For a more integrated experience, use the built-in query engine which handles retrieval and synthesis automatically.

from llama_index.core.query_engine import SimpleMultiModalQueryEngine
 
query_engine = index.as_query_engine(
    multi_modal_llm=llm,
    similarity_top_k=3,
    image_similarity_top_k=3,
)
 
response = query_engine.query(
    'Describe the key trends in the revenue chart from Q1 to Q4.'
)
print(response)
 
# Access retrieved source nodes
for node in response.source_nodes:
    if isinstance(node.node, ImageNode):
        print(f'  Image: {node.node.image_url} (score: {node.score:.3f})')
    else:
        print(f'  Text: {node.get_content()[:100]}...')
 

Common pitfalls

Problem Cause Fix
Images not retrieved Images stored but not embedded Ensure image_vector_store is set and populated
Poor image relevance Generic CLIP embeddings on domain-specific charts Add rich metadata (caption, page number, section) to ImageNode
Vision LLM ignores images image_documents not passed to complete() Always pass image_documents explicitly
Slow indexing Converting whole PDF at high DPI Use dpi=100-150; skip non-visual pages
Missing chart data Chart is a vector SVG, not a raster image Export PDFs as high-res JPEG before processing

Adding metadata to images

The single biggest quality improvement for multi-modal RAG is adding descriptive metadata to ImageNode objects.

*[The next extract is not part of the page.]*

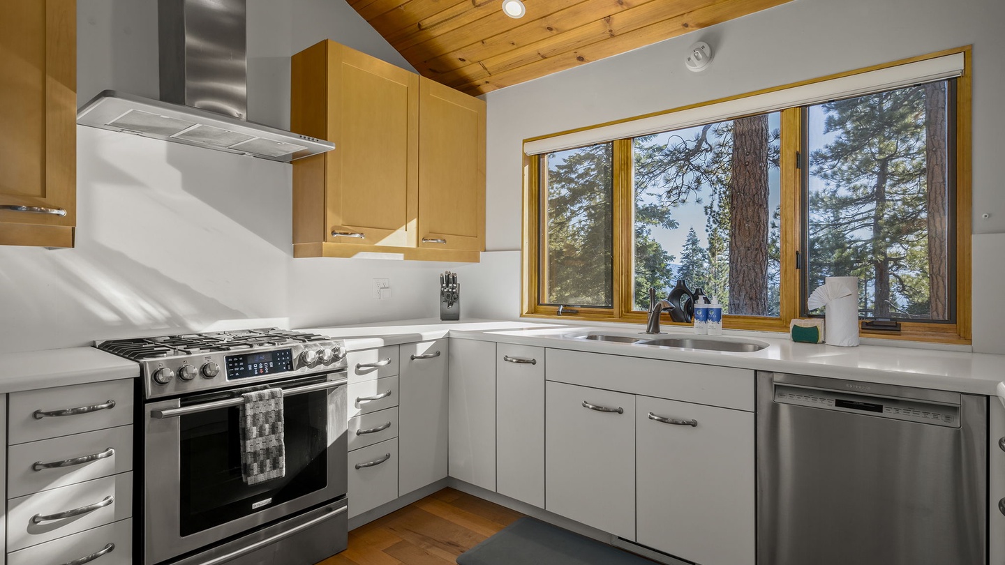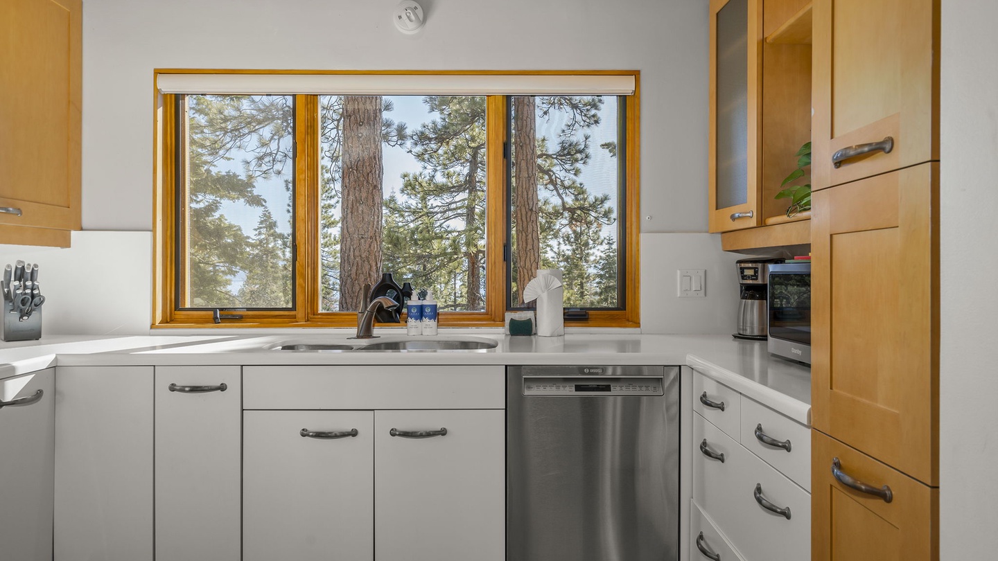 The dining area leads seamlessly into the modern kitchen, where culinary magic happens. Doing dishes here is a delight, thanks to a window that frames picture-perfect views of the forest and filtered glimpses of the lake beyond.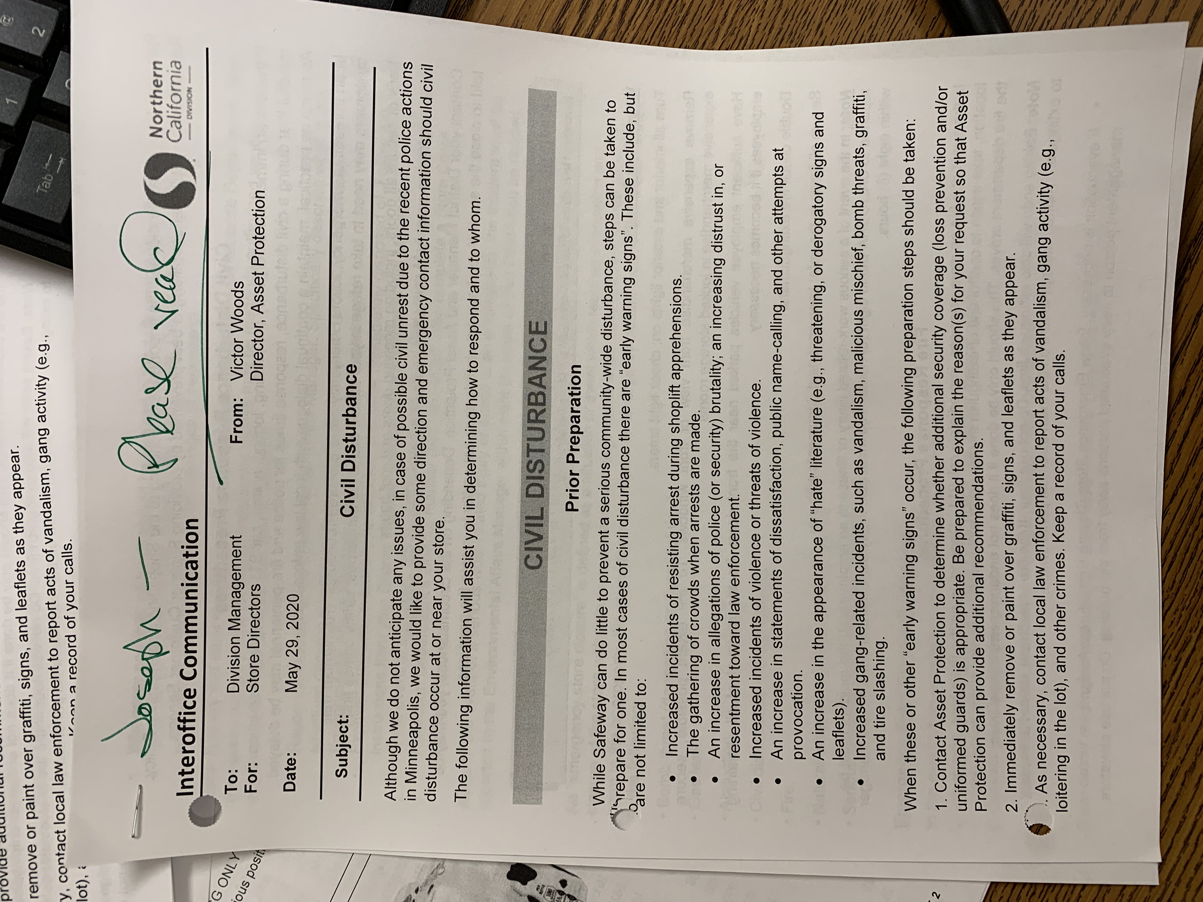 These are pictures that I took at my job. Some are photos of policies and store guidelines, others are of the store "sheltering" before the mass rioting and protesting in late May and early June.

This improves retrieval accuracy significantly.

from llama_index.core.schema import ImageDocument
 
# Load with rich metadata
image_doc = ImageDocument(
    image_path='data/report_images/page_12.jpg',
    metadata={
        'page': 12,
        'section': 'Financial Results',
        'caption': 'Figure 3: Quarterly Revenue by Region, 2023-2024',
        'chart_type': 'bar chart',
    }
)
 
If you have no captions, use a cheap vision LLM call to auto-generate a description for each image at index time. This one-time cost pays back in retrieval quality.